There will be two provers, the chain will be operating as standard Optimistic Rollup when there isn’t any problem. If any problem occurs and an invalid block is generated, ZK Dispute Prover will move in and prove the block's validity. ZK Prover architecture is agnostic and additive which means it can support all the latest general-purpose provers such as zkSync, Risc Zero, etc.
This idea parallels with Multi-Prover approach of Vitalik Buterin and the work of Metis Foundation’s Hybrid Rollup design.
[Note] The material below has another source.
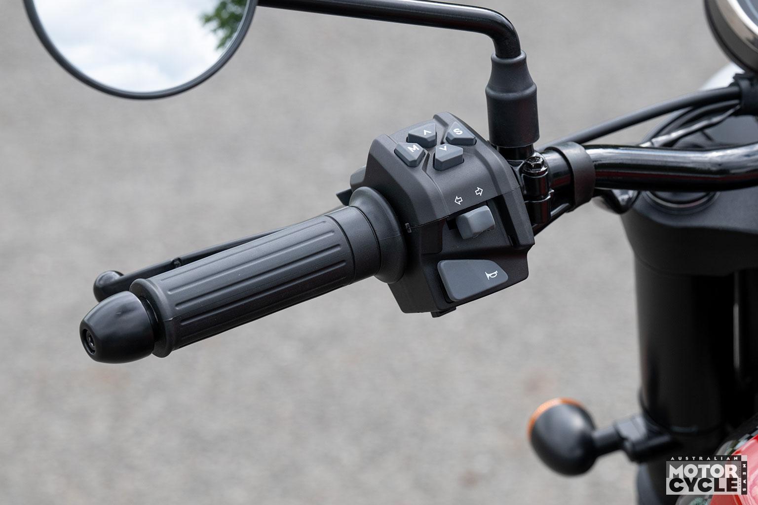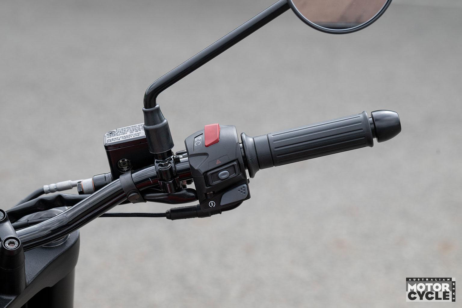 The single round LCD instrument offset slightly to the right shows speed, revs, mileage/twin trips, time, fuel and gear selected, but is mounted at such an angle that it’s hard to read in daylight thanks to reflections on its opaque glass cover. However the neutral light is satisfyingly bright and can be seen at any time. The switchgear is decent quality, and there’s LED lighting front and rear, the latter via a neat custom-style taillight.

Seems like we will see that Rollups will evolve more in the future!
Taiko Prover Design
Ethereum-equivalent zkRollup solution, Taiko, is waiting for your feedback for its proving design! The team released two testnets with two different proving designs, Grímsvötn L2 testnet (Alpha-3) and Eldfell L3 testnet (Alpha-4).
In the first design, Grímsvötn L2 testnet, EIP-1559 style block proving method was used. The most efficient prover wins logic applied. Everyone can be prover and leave whenever they want.
In the trade-off between the lowest cost and fastest withdrawal for users in a given time period, the most efficient is chosen. The reward is calculated based on the historical and adjusted every time period. This is the part where the EIP-1559 mechanism is applied.
In the second design, Eldfell L3 testnet, staking based proving design was considered. In short terms, for each block, a random prover is selected based on the stake amount of the prover and the expected reward. Anyone can become a prover and leave whenever they want. Stakes can be withdrawn after 1 week.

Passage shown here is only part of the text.